2.1.2 Preparation of MgO
MgO was obtained by the sol-gel method (as MgO-MgF2 samples) by hydrolysis of magnesium methoxide in water.
The gel of Mg(OH)2 was treated as the above Mg(OH)2-MgF2 system.
2.1.3 Eutectic LiCl–KCl–RbCl mixture
The eutectic LiCl–KCl–RbCl mixture containing 31.54 wt% LiCl, 23.47 wt% KCl and 44.99 wt% RbCl was used as the electrolyte [13]. The concentration of Na+ ions, which are the main contaminating component in the electrolyte, was 0.19 wt% and it was determined by inductively coupled plasma atomic emission spectrometer. Specially prepared electrolyte had no traces of H2O, LiOH, and Li2O.
The real melting temperature of the electrolyte (302.4 °C) was determined by the differential scanning calorimetry method using a differential thermoanalyzer, model STA 409C 3F, made by Netzsch (Germany).
2.1.4 Preparation of electrolyte pellets
The eutectic mixture consisting of 31.54 wt% LiCl, 23.47 wt% KCl, and 44.99 wt% RbCl was used as the electrolyte. Electrolyte pellets were prepared by accurate mixing (no grinding) of definite amounts of dry electrolyte powders and immobilizing material. The obtained uniform mixtures (1.002 g), containing 40 wt% immobilizing agent, were placed in a pellet machine and pressed at a static pressure of 400 MPa.

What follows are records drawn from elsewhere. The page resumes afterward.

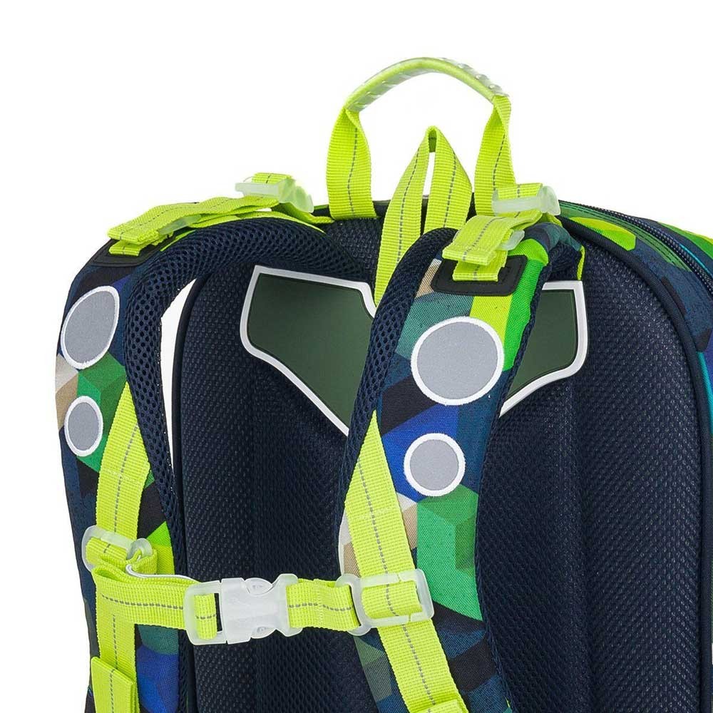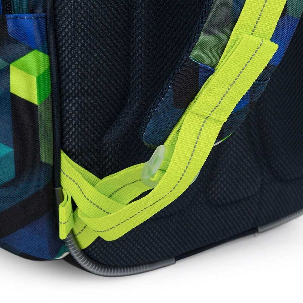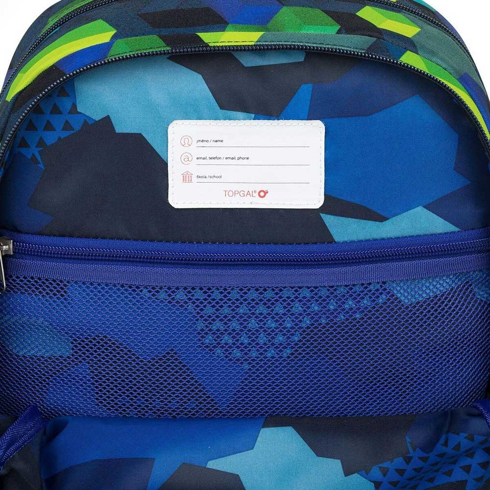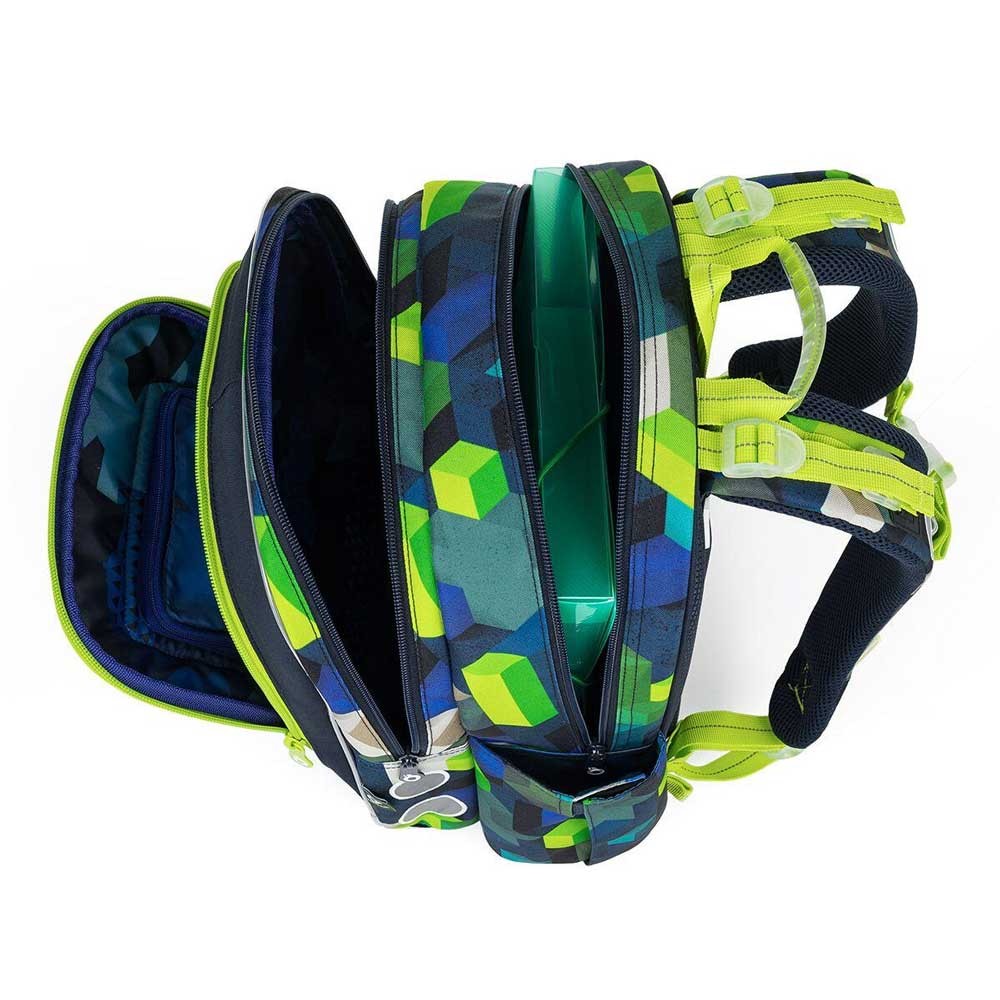 Batoh má dvě objemné hlavní komory. Do nejširší zadní komory doporučujeme dát nejtěžší učebnice nebo desky na sešity. Přední komora je o něco užší, a je v ní umístěna malá síťová kapsa na zip a jmenovka.
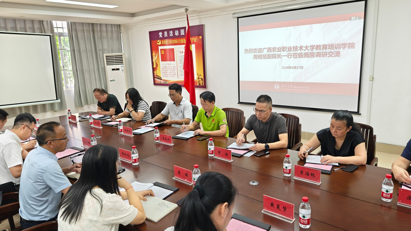 2024年6月27日,广西农业职业技术大学教育培训学院副院长周明旭一行到我院调研交流。学院领导班子、有关中心负责同志参加座谈。(陈昊宇/图)
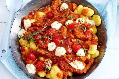 Mix in the gnocchi and heat. Spread 100 g mascarpone in flakes on top. Serve immediately.
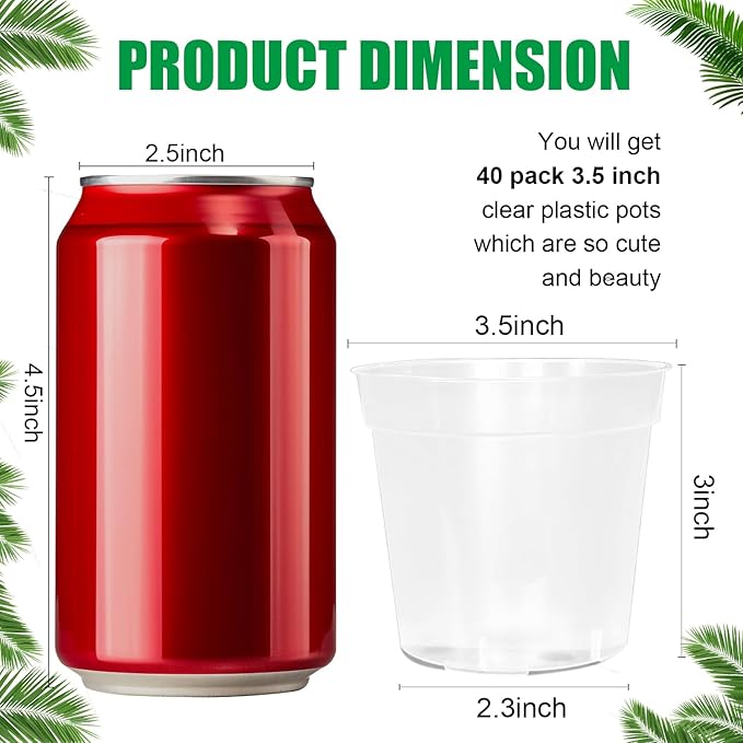 - New PP Plastic: Our clear pots for plants are make of new PP plastic, which are more durable and sturdy. And you can get 40 pack 3.5 inches clear nursery pots. Height is 3 inch, bottom diameter is 2.3 inch. These seed starter pots provide the good environment to promote the healthy growth of seedlings.

2.2 Material characterization
2.2.1 Determination of surface area, pore volume, and pore diameter
Textural characterization of MgO-MgF2 system calcined at 500 and 600 °C was performed by the low-temperature (−196 °C) nitrogen adsorption-desorption using a sorptometer ASAP 2010 manufactured by Micromeritics (U.S.A.). Prior to the measurements of adsorption-desorption isotherms, the samples were outgassed at 300 °C for 4 h. Surface area was determined by the Brunauer–Emmet–Teller (BET) method, whereas total pore volume and average pore diameter were calculated using Barrett–Joyner–Halenda (BJH) method.
2.2.2 Thermogravimetric analysis
Thermogravimetric analysis of immobilizing agent was performed using fresh (uncalcined) samples in the temperature range of 30–900°C on a differential thermoanalyzer Setaram TGA equipped with a thermogravimetry (TG) measurement unit. The experiments were performed under air flow (99.995 % purity) at a heating rate of 10 °C min−1. All TG profiles presented in this work were normalized to the same sample weight (100 mg).

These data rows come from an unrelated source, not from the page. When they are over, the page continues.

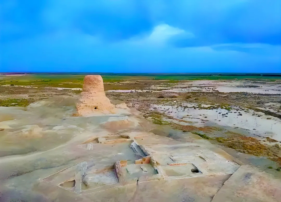 莫爾寺遺址發(fā)掘現(xiàn)場(chǎng):遠(yuǎn)處為圓形塔,近處為大佛殿和僧舍建筑基址。
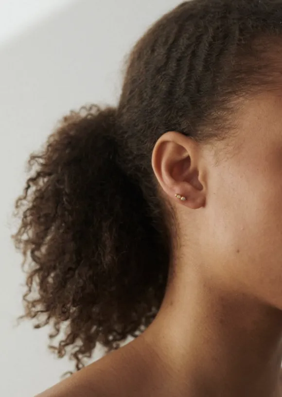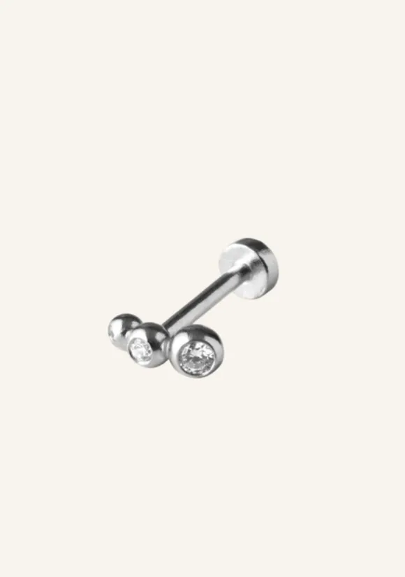 The Sirius Helix Piercing is a helix piercing that sits in the upper part of the ear. The piercing and its placement on the ear is called a helix. The beautiful Sirius Helix Piercing has three white zirconia stones, that catch the light and give the helix piercing an elegant look. The piercing is memorizing on its own but can easily be combined with other pieces of your favourite jewellery.
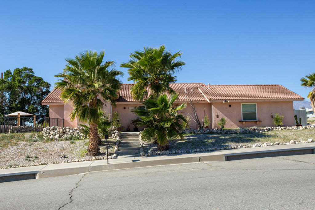 Welcome to this very remarkable 3-bedroom, 2-bath hilltop retreat offering panoramic views for miles and miles….truly a rare opportunity to own a home that sits above the valley with breathtaking west-facing mountain scenery from nearly every window!Perched on an elevated corner lot, this exquisite residence provides enhanced privacy and spectacular backyard views, complete with a saltwater above-ground pool…perfect for relaxing or entertaining on warm desert days. Photos truly tell the story, but experiencing these views in person is unforgettable.Inside, you’ll find tile flooring, a bright kitchen featuring granite countertops, warm wood cabinetry, stainless steel refrigerator, skylight, and large windows that flood the space with natural light. The spacious primary suite offers a modern bath with veined quartz shower, frameless glass enclosure, and walk-in closet for added comfort and convenience.Additional highlights include a 2-car garage, ample gated RV-sized parking, plus a storage shed — practical features that are always a big plus. And best of all… NO HOA!Step just a few feet across the street to trailheads, dog-walking areas, and the beautiful Swiss/Bryce’s Canyon Trail…ideal for hiking, biking, and enjoying scenic desert and mountain views.Why pay Palm Springs prices when you can spend so much less and still be just a short drive away? Properties this special….with privacy, views above the valley, outdoor recreation at your doorstep, and room for all your toys…are almost impossible to find.Come see it for yourself… this serene desert escape is ready to impress!!

2.2.3 X-ray diffraction analysis
The X-ray powder diffraction measurements were performed on a Bruker AXS D8 Advance diffractometer with Ni-filtered CuKα radiation over the 2 Θ range of 20–80°.
2.2.4 Measurement of specific volume of the pellet
The experimental specific volume of the pellet was calculated from the quotient of the pellet volume and mass. Pellet volume (25 mm diameter pellet), thickness and weight were determined with the accuracy of 0.0001 cm3, 0.01 mm, and 0.0001 g, respectively [14]. The theoretical pellet volume was determined from the density of the individual pellet components (i.e., KCl, LiCl, RbCl, MgO, MgF2) and their percentage content in the mixture.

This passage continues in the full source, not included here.